Prosopis glandulosa, commonly known as honey mesquite,  is a species of small to medium-sized, thorny shrub or tree in the legume family (Fabaceae).

Distribution
The plant is primarily native to the Southwestern United States and Northern Mexico. Its range extends on the northeast through Texas and into southwestern Kansas and Oklahoma and northwestern Louisiana, and west to southern California.

It can be part of the Mesquite Bosque plant association community in the Sonoran Desert ecoregion of California and Arizona (U.S.), and Sonora state (México), and in the Chihuahuan Desert of New Mexico and Texas in the US, and Chihuahua in Mexico.

Description

Prosopis glandulosa has rounded big and floppy, drooping branches with feathery foliage and straight, paired spines on twigs.  This tree normally reaches , but can grow as tall as . It is considered to have a medium growth rate.
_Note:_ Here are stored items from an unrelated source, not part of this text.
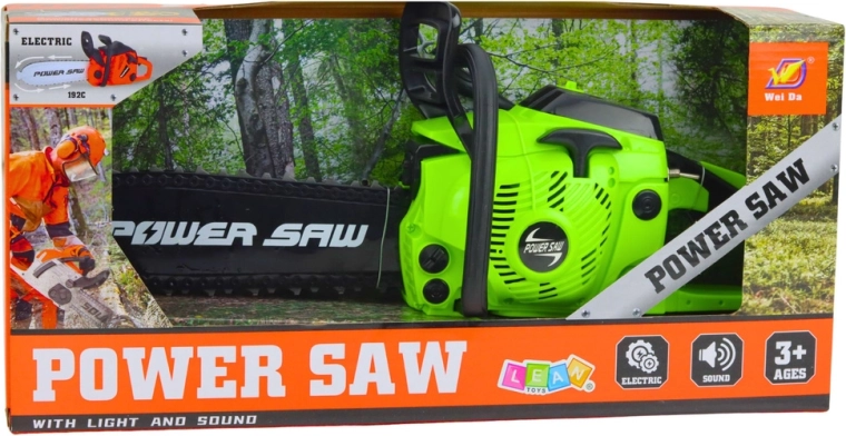 La tronçonneuse est équipée d’une chaîne en caoutchouc qui tourne lorsqu’elle est allumée, simulant fidèlement le travail de coupe sans risque de blessure. Le jeu favorise l’imagination, la créativité et la motricité fine, et offre une excellente occasion d’apprentissage par le jeu ainsi que de moments partagés avec les parents.
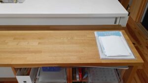 四段目は、週末に子供が持ち帰ってきた「上靴」や、週に1回洗うことにしている「室内用のスリッパ」などを置いています。
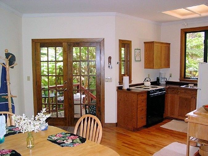 This rental was built in 1998 and is the modern version of a traditional Hawaiian cottage. Surrounded by Ohia trees and tree ferns, the seclusion of this cottage engenders a peaceful and quiet atmosphere to enjoy.
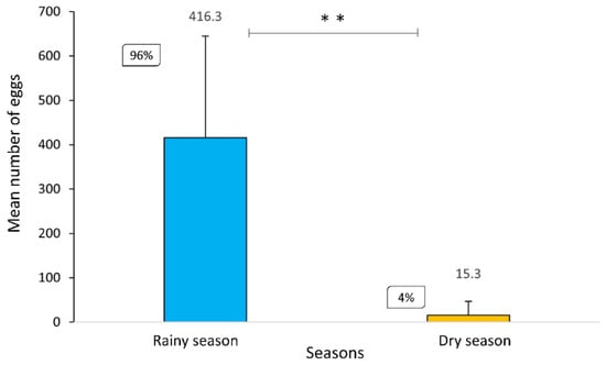 Statistically significant difference between the mean and standard deviation of the number of eggs collected in the rainy (December to March) and dry (June to August) seasons in the RPPN Gaviões (U = 0.00, Z = 2.88, p = 0.004). ** p ≤ 0.01.
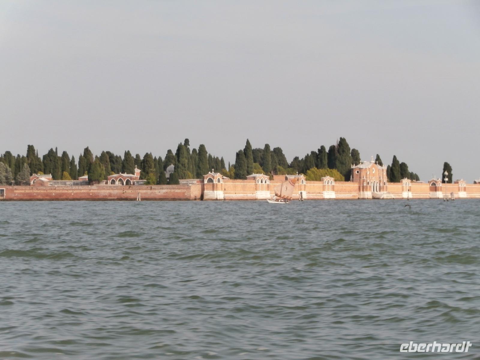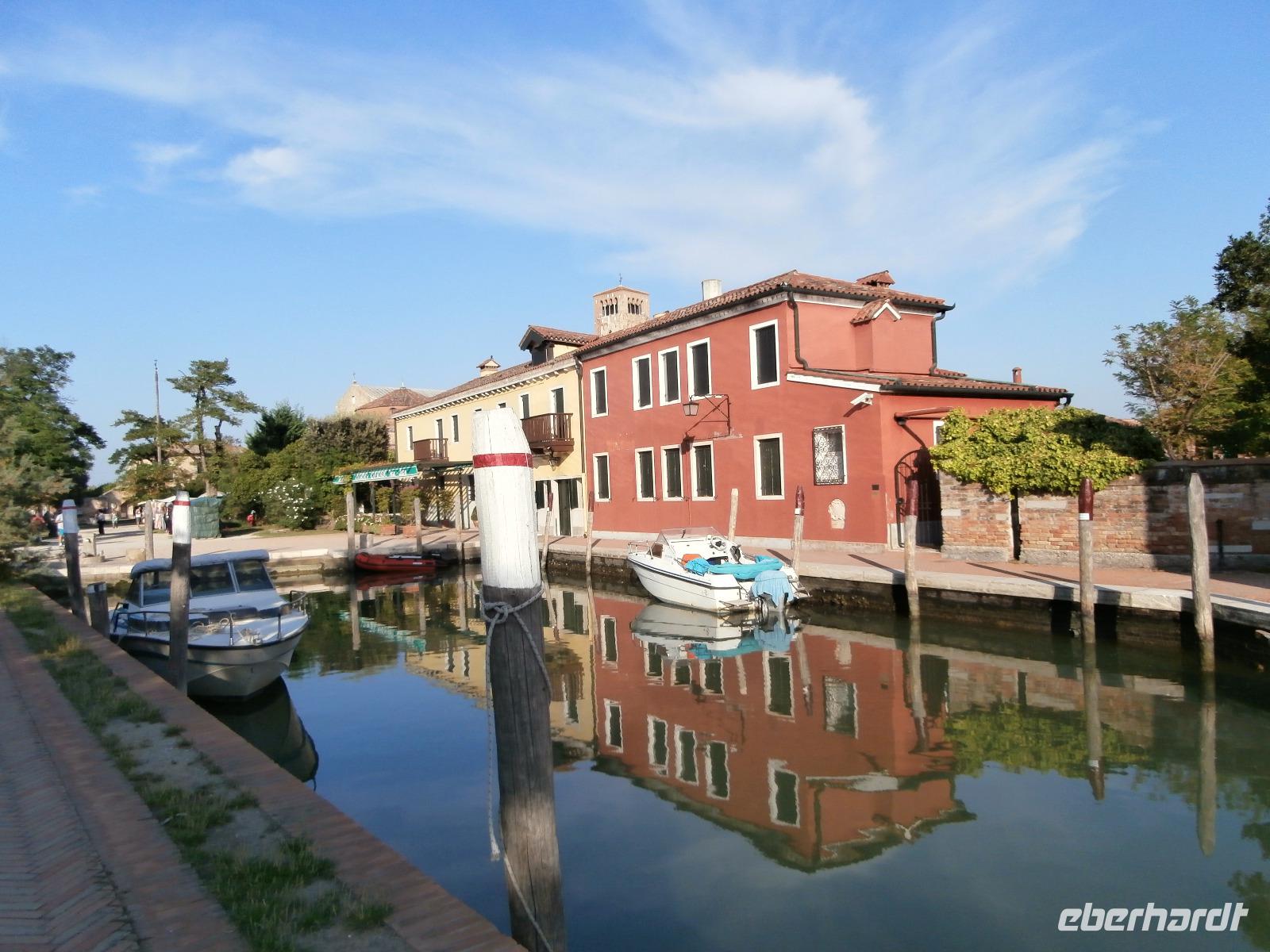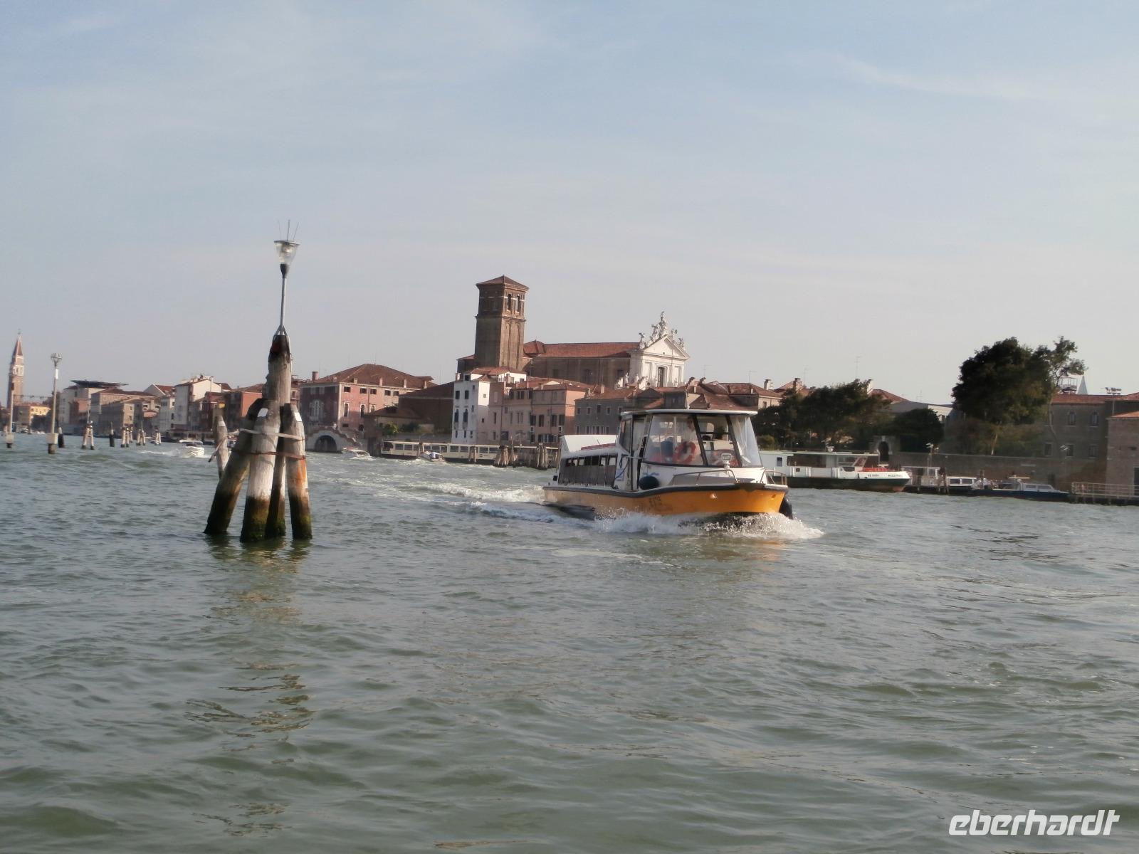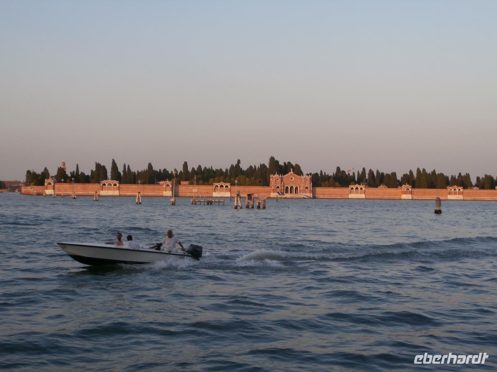 Mit dem Boot laufen wir noch die nächste Insel an, Torcello ist nicht so spektakulär aber sie präsentiert sich uns mit der Kirche Santa Fosca aus dem 11. Jahrhundert und in einer römischen Villa entdeckte man zwei Meter unter dem Meeresspiegel einen Fußboden, man geht davon aus, das Torcello schon im 1. Jahrhundert besiedelt war. Torcello war Bischofssitz und die im Jahre 639 geweihte Kathedrale ist das älteste Bauwerk der ganzen Lagune. Eine Zeit lang lebte der englische Schriftsteller Ernest Hemingway auf der Insel. Wir sind leider etwas spät dran und so wurde die Kirche grad geschlossen als wir hineinschauen wollten. Unsere Rückfahrt führt uns vorbei an der „Friedhofsinsel" San Michele und der Insel Murano, welche Standort der berühmten venezianischen Glasindustrie ist. Später als geplant erreichen wir wieder das Hotel, aber bei der vorherrschenden Hitze des heutigen Tages war der Ausflug mit dem Boot eine gute Idee.
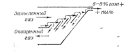 Своеобразный смерч, образующийся в циклоне, пятой опирается о дно пылесборного бункера. При этом в центре смерча винтообразное движение газа направленно вверх. Нарушение вращательного движения газа в бункере неизбежно приводит к заметному снижению степени очистки.
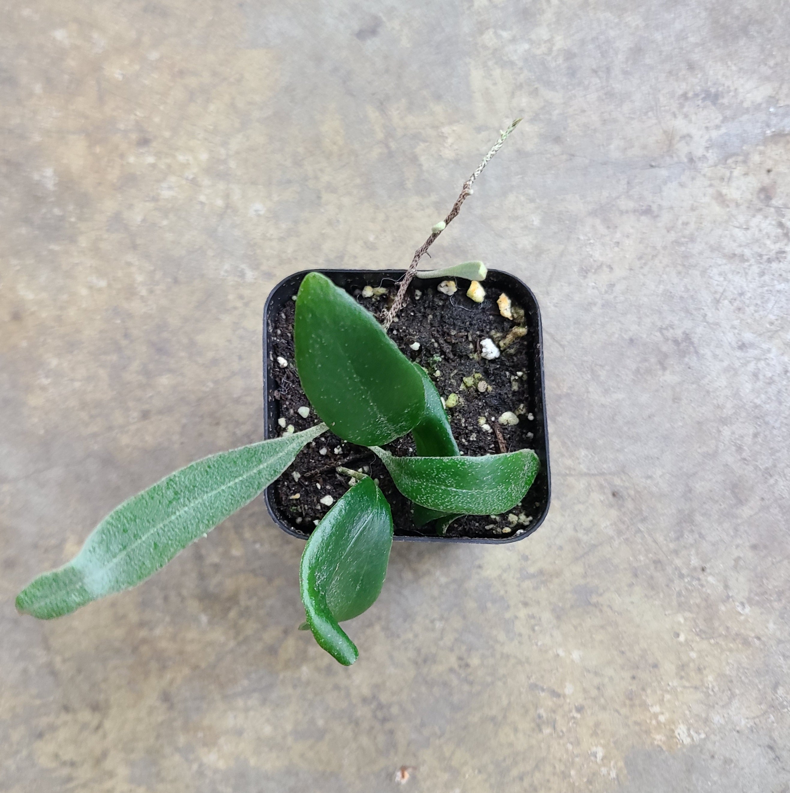 Pyrrosia cf. serpens is a micro fern. It has flat, thick green fronds with small white hairs and spreads via a creeping rhizome. This plant does well epiphityically and and a ground sprawler. Like other micro ferns (microferns), it is slow to grow. It does well in moderate, indirect light and high humidity. Moist soil and moist but not wet sphagnum moss are helpful for rooting this species.
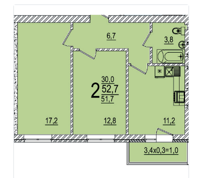 Продается 2-х комн. квартира, 52.7 кв.м., 4/5 эт
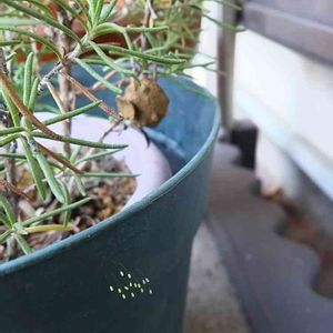 これ何かしら?☝ プランターの脇につーって伸びた先に小さな黄緑のポチ なにかの卵かな? ローズマリーの枝にも何やら着いてる⁉ カマキリの卵❓

It flowers from March to November, with pale, yellow, elongated spikes and bears straight, yellow seedpods. The seeds are eaten by a variety of animals, such as scaled quail. Other animals, including deer, collared peccaries, coyotes, cactus mice, and jackrabbits, feed on both pods and vegetation.

Varieties
 Prosopis glandulosa var. glandulosa (syn. Prosopis chilensis var. glandulosa (Torr.) Standl., Prosopis juliflora var. glandulosa (Torr.) Cockerell)
 Prosopis glandulosa var. torreyana (L.D.Benson) M.C.Johnst. (syn. Prosopis juliflora var. torreyana L.D.Benson)

Invasive species
Prosopis glandulosa has been intentionally introduced into at least a half-dozen countries, including Australia, Botswana, Namibia and South Africa.  The IUCN considers it as one of the world's 100 worst invasive species outside its native habitat range.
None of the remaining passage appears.